Не знаю, как до троллейбуса дотащилась. Старая кляча. Мениск на правом колене опять в сторону съехал. Повязку навертела, а что толку. Сколько лет мне костоправы операцию предлагают? С тех пор как тогда с бревна упала. Вот же дура была – спортивной гимнастикой занималась! Сборы. Сборная. Соревнования. И что от всего этого осталось? Одни болячки. Хорошо шею не сломала как несчастная Леночка Мухина. Главный спортивный врач Масальский запугивал – ходить не сможешь! Ничего, тридцать пять лет хожу. И еще двадцать пять протащусь, если Бог даст. И с сердцем – тоже самое. Консилиум в академической больнице. Профессор Лопатин. Без операции проживете три-четыре года, максимум пять лет. Двадцать лет уже живу. Потихоньку-полегоньку. А те, кого тогда резали, все в сырой земле…

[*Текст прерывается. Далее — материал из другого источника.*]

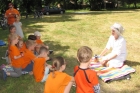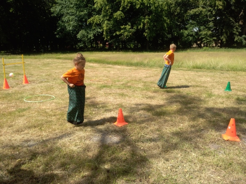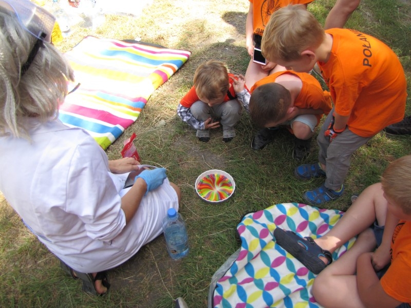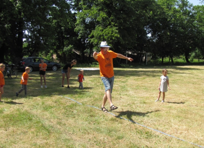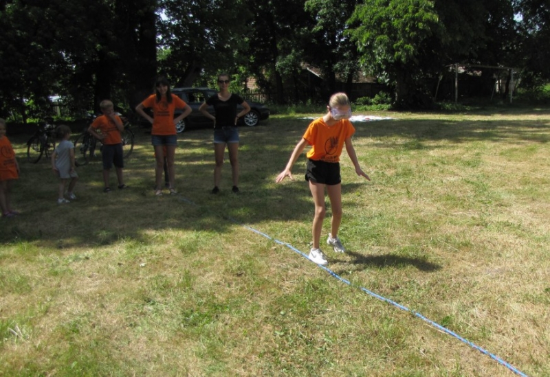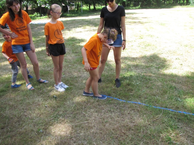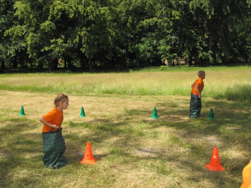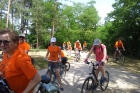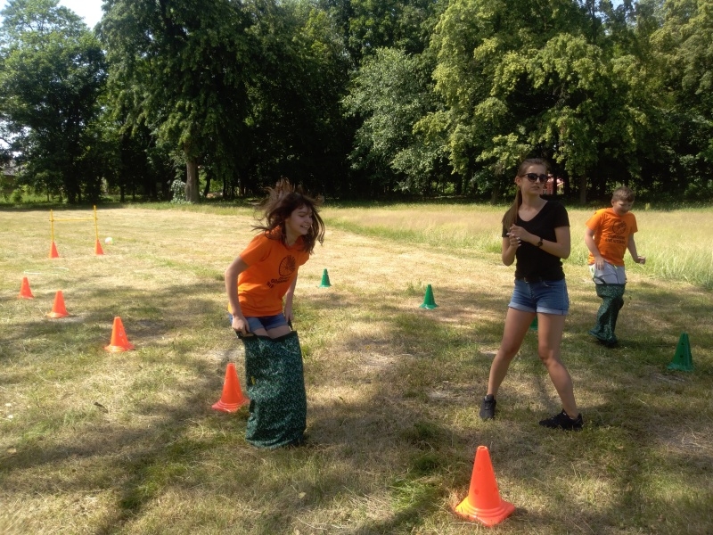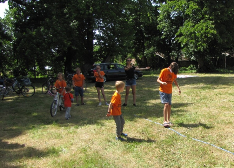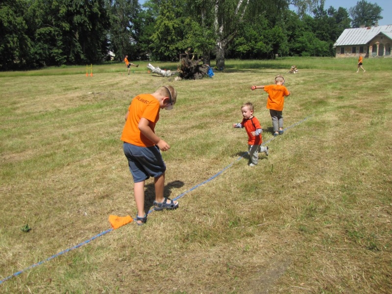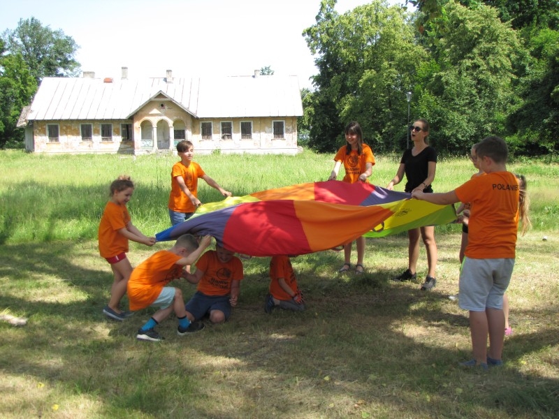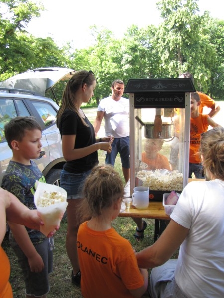 Jak co roku, już od siedmiu lat, w niedzielne przedpołudnie (16 czerwca) na parkingu obok biblioteki spotkali się bibliotekarze, członkowie PTTK oraz miłośnicy książek i wypraw na dwóch kółkach w każdym wieku, którzy zechcieli aktywnie spędzić dzień na powietrzu. Po krótkim powitaniu zgromadzonych, rozdaniu koszulek oraz przybliżeniu zasad bezpiecznej jazdy przez organizatorów, „odjazdowa drużyna” wyjechała na ulice miasta, przy okazji testując nowiutki odcinek ścieżki rowerowej wzdłuż ulicy Jana Pawła II. Tym razem trasa wycieczki prowadziła z Połańca do Ruszczy i z powrotem, a jej długość wyniosła około 30 kilometrów. Po przejechaniu rundy honorowej po Połańcu peleton w pomarańczowych koszulkach opuścił miasto. Dalsza trasa wiodła bocznymi drogami a także w większości przez las, dzięki czemu nie odczuwaliśmy aż tak gorąca. Pierwszy przystanek zrobiliśmy we wsi Grabowa. To tu skorzystaliśmy z gościnności naszej czytelniczki pani Jadwigi Paruch, która prowadzi Gospodarstwo Agroturystyczne w budynku po starej szkole. Przepiękny różany ogród w zaciszu lasu, raj dla motyli, był idealnym miejscem na odpoczynek. Popijając orzeźwiający owocowy kompot podziwialiśmy także cudne szydełkowe rękodzieła gospodyni. Zrelaksowani i pełni nowej energii wyruszyliśmy w dalsza drogę. Naszym miejscem docelowym, a zarazem drugim przystankiem w drodze powrotnej do Połańca, był park przy dworku w Ruszczy. Tutaj w cieniu pomnikowych drzew na głodnych rowerzystów czekały kiełbaski upieczone na grillu i przekąski. Było także coś do picia – na zimno i na gorąco. Na amatorów żywego ognia czekało drewno na ognisko, jednak nikt w taki upał nie odważył się go rozpalić. Można było także rozłożyć kocyki i uciąć sobie drzemkę. Po krótkim odpoczynku i wzmocnieniu się wszyscy, zarówno ci mali, jak i nieco starsi, zostali zaproszeni do szalonej zabawy z grupą animatorów Hokus Pokus z Buska-Zdroju. Na początek wystąpił jeszcze bardziej szalony profesorek z kilkoma niezwykłymi eksperymentami naukowymi. Dzieci robiły tęczę z kolorowych cukierków, oglądały wybuchy gejzerów i wulkanów w miniaturze oraz dowiedziały się jak zrobić pastę do zębów dla słonia. Były także zabawy z chustą Klanzy, wyścig w workach i przeciąganie liny. Można było spróbować swoich sił i przejść po linie w okularach zniekształcających rzeczywistość. Nie było to wcale łatwe. Ale to nie koniec atrakcji. W cieniu rozłożona została gigantyczna mata do twistera, która szybko znalazła amatorów wygibasów. Najmłodsi mieli swój kącik z zabawkami. Było też stanowisko do malowania tatuaży. Niecodzienną niespodziankę stanowił amerykański retro popcorn (świeżo prażony na miejscu). Bibliotekarski rajd rowerowy nie mógłby się odbyć bez książek. Dużym powodzeniem, zwłaszcza wśród małych czytelników, cieszyło się książkobranie, czyli rajdowy bookcrossing. Wiele książek znalazło swoich nowych właścicieli.

Почему я дрожу? Георгий говорит – радоваться надо, что живая из этого змеюшника вырвалась. На заслуженный отдых. Руки трясутся и холодный пот по хребту. Как тогда…
Было мне восемь лет. Разбил в тот летний денек братик мой несмышленый, Баша, бюст Сталина во дворе нашего дома, на Авиамоторной. Прямо по гипсовой роже заехал. Камнем. Нос отбил и часть щеки. Весь двор видел. Многие тут же окна закрыли, чтобы на Сталина безносого не смотреть. Вечером мать и Биба ареста ждали. Башу выпороли. И мне под горячую руку досталось…
Биба выпил, а мать перед сном горячо молилась. На тумбочке у нас иконка стояла. На жести печатка – Божья матерь Казанская, дореволюционная. В жуткой тишине спать легли. В нашей семиметровой комнате. Мама с Бибой на койке, а Баша и я, как обычно – под столом, на матрасе. Я была девчонка вздорная, взяла эту иконку и к стене отвернула, схулиганила.
Все заснули – мать сопит, Биба храпит, Баша-брат ворочается во сне, потирает больное место. А я долго не могла заснуть, страх меня терзал, что без матери останусь. По хребту пот холодный, под животом – спазмы.
И вот, вижу я – открывается наша дверь и входит к нам в комнату какая-то женщина. В темном балахоне или плаще с капюшоном. Присела рядом с нашим столом и синий шелк от лица отбросила. И вижу я, что это сама приснодева Мария к нам зашла. Носик прямой, губки точеные. Глаза огромные, на лбу – жемчуга. Посмотрела она на меня ласково и сказала: «Не дрожи, девочка, все будет хорошо. Зачем же ты, Мариночка, меня к стенке повернула? Я хочу всегда с вами быть!»
Улыбнулась мне как солнышко и ушла.
Не тронули нас тогда, но через три месяца из комнаты выселили. Мать лежала в это время в больнице. Плеврит у нее был гнойный. Биба на фронте шоферил. А меня с братом сердобольные соседи приютили. Дядя Петя и тетя Нюра. Однажды, когда тети Нюры дома не было, дядя Петя меня невинности лишил. Пыхтел, пыхтел, да так и не кончил…
Господи, прости мне мои грехи, лишь бы дочь и муж здоровы были. Помоги, помоги, Заступница сирых! Переведи все их хвори на меня…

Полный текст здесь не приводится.